A embaixada portuguesa falhou-lhe, a da Guiné também. Isabel nunca recebeu apoio económico do seu país desde que veio para Portugal, apesar de os protocolos de cooperação preverem ajuda por parte dos países de origem. Sobrevive graças ao Rendimento Social de Inserção (RSI), que lhe dá €204 por mês, e ao apoio do primo Silvânio, o único familiar em Portugal, que tratou da sua vinda, que a ajuda a pagar a renda de €245, que lhe faz as compras e a acompanha em todo o processo clínico.
Isabel é agora seguida no Centro Hospitalar de Lisboa Central, a que pertence o Hospital de Santa Marta, o único no país a fazer transplantes de pulmão (ver texto ao lado). Apesar de estar há mais de dois anos a ser acompanhada na consulta de transplantação, só recentemente entrou em lista de espera ativa. Havia doentes mais urgentes e até há pouco tempo a jovem ia conseguindo fazer a sua vida com o recurso a oxigénio, mesmo com grandes limitações. Mas o seu estado agravou-se. “O pulmão direito está completamente destruído e o esquerdo já tem grandes dificuldades”, explica Luísa Semedo, responsável da equipa de transplantação pulmonar.
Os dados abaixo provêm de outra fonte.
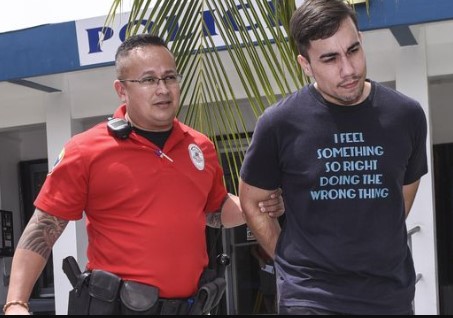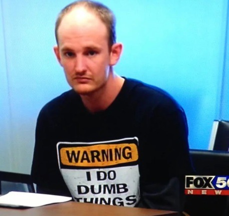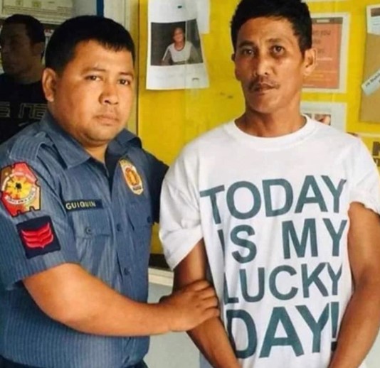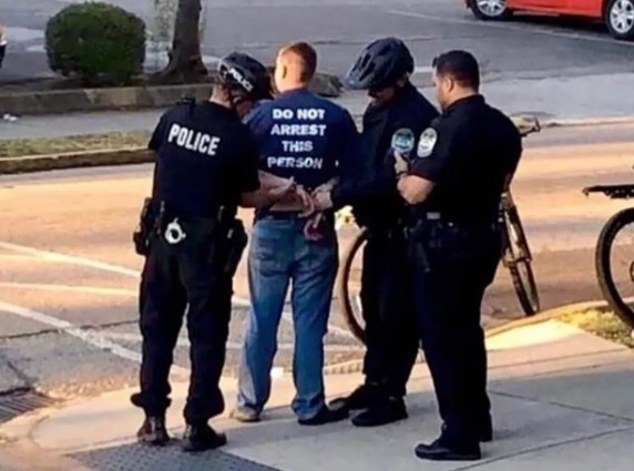 - Mau ada tulisan larangan di kaus juga gak menghentikan polisi buat menangkap pria ini
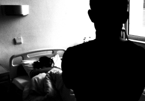 16日下午,平萍蜷缩在一家医院精神专科的病床上,眼睛呆滞地看着窗外流泪……
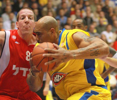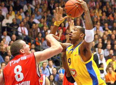 מוריס עולה לסל מול מרקוביץ'. חיים קלים במחצית הראשונה (אלי אלגרט)

De quanto tempo vai ser a espera, ninguém sabe: há cerca de 60 pessoas na mesma lista.
Neste momento, qualquer esforço pode fazê-la colapsar. “Esteve prestes a desmaiar a tentar subir umas escadas”, conta Ana Cysneiros, que a esperava à saída do barco, na última vez que tentou ir a Lisboa. Pneumologista, estava de urgência no dia em que “Belita” chegou da Guiné, em 2014. Foi quem a admitiu no Pulido Valente, “emagrecida até ao osso”. Tornaram-se amigas, uma família que se escolheu.
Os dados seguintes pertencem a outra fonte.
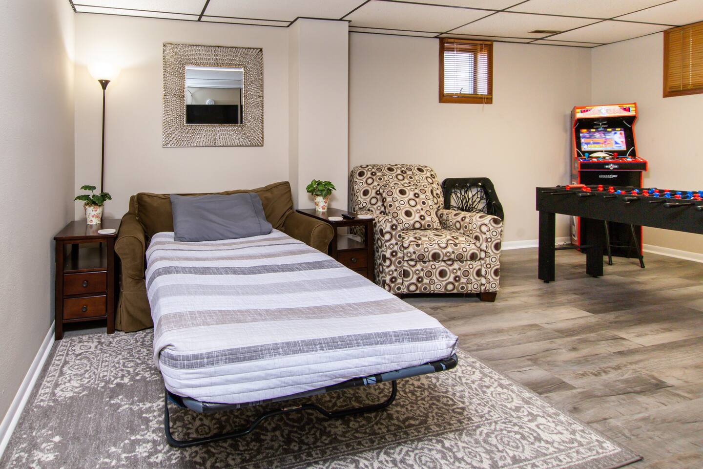 Our home is tucked away in a quiet neighborhood in Rapid City. It is centrally located amongst all the attractions that western South Dakota has to offer. What guests love about our listing: ➥Centrally located between Mt. Rushmore, Badlands National Park, Custer State Park, Wind Cave National Park, and all the other attractions in the area. ➥Arcade games and foosball ➥Professionally cleaned and sanitized between each guest ➥Covered front porch that is perfect for relaxing after a long day of sightseeing. ➥Free in-suite laundry ➥Off street parking ➥Easy self check-in via secure door keypad ➥Fast Wi-Fi on our 55 inch smart tv What some guests don't love about our listing: ➥There are two houses on the same lot so the parking lot is shared but there is plenty for everyone Our home sleeps 10 guests with 3 queen beds, 3 single beds, and 1 single sized sofa sleeper. ➥All beds complete with fresh sheets changed between each guest ➥Extra sheets and pillows are provided in case they are needed Complimentary Wi-Fi, tea, and coffee. The kitchen is stocked with plates, glasses, silverware, cooking utensils, basic cookware, and all the standard kitchen appliances. Enjoy your stay, we hope it feels like home!
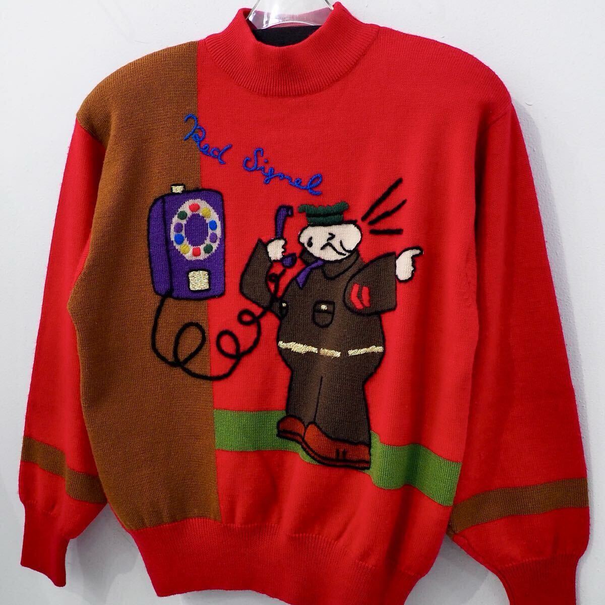 > 90s 00s ポルタヴェルデ 秋冬 ウール モックネック ニット 赤 レッド マスタード レディース S M L XL サイズ porta verde レトロ セーター
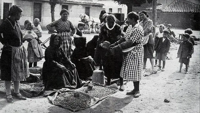 Una de las cosas más típicas de su fiesta eran los puestos de vendedores ambulantes, entre los que destacaban los cacharreros con sus famosos botijos de todas las clases y formas o los de las avellanas
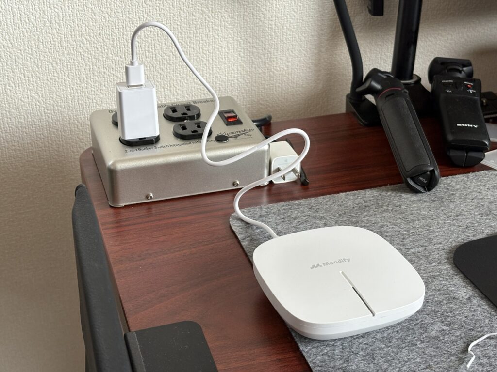 MoodifyハブはコンセントにつなぐだけでOK。とくにハブ本体を触って設定することはありません。

Durante a conversa de Isabel com o Expresso, é a médica que lhe completa as frases, quando já não resta à guineense ar para continuar. Conhece-lhe a vida ao pormenor. Sabe que os dois bolos que fez para as visitas demoraram horas a confecionar, com pausas a cada passo da receita. Que a limpeza imaculada da casa não é só de hoje, está sempre assim, apesar do esforço sobre-humano. Que anda preocupada com o vizinho de cima, que ameaça queixar-se ao senhorio do barulho do aparelho de oxigénio. Que lhe dói não ter ido para a universidade estudar enfermagem quando tinha notas para isso, mas faltava-lhe autonomia de oxigénio.
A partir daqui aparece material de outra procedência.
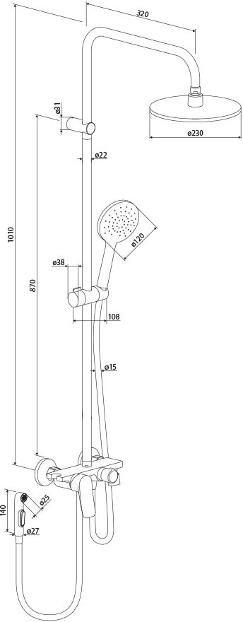 - Душевая стойка Damixa Apollo DX220910300 с гигиеническим душем, черная
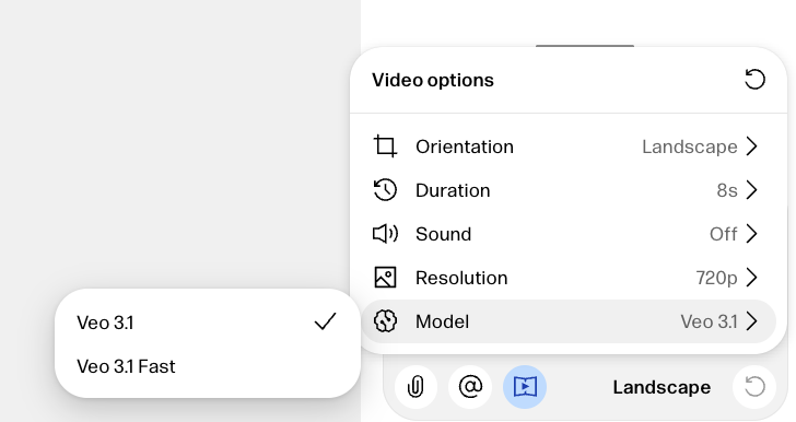 - Choose Veo 3.1 or Veo 3.1 Fast

“Quando a ‘Belita’ chegou, falava mal português. Entrou para o 8.º ano e em menos de um ano tornou-se a melhor aluna. Tem uma resiliência surpreendente. Era de esperar que estivesse quieta, na cama. Mas não. Não gosta de mostrar fragilidades. É fácil subestimar o impacto que o oxigénio tem na sua vida”, reconhece Ana Cysneiros.
Para a reportagem, Isabel arranjou o cabelo, pôs trancinhas e uma franja, vestiu-se para ir à rua — sem chegar a ir —, mas já não pôde esconder o tubo do oxigénio durante as fotografias como sempre fez. 24h por dia são 24h por dia. Nem um segundo a menos.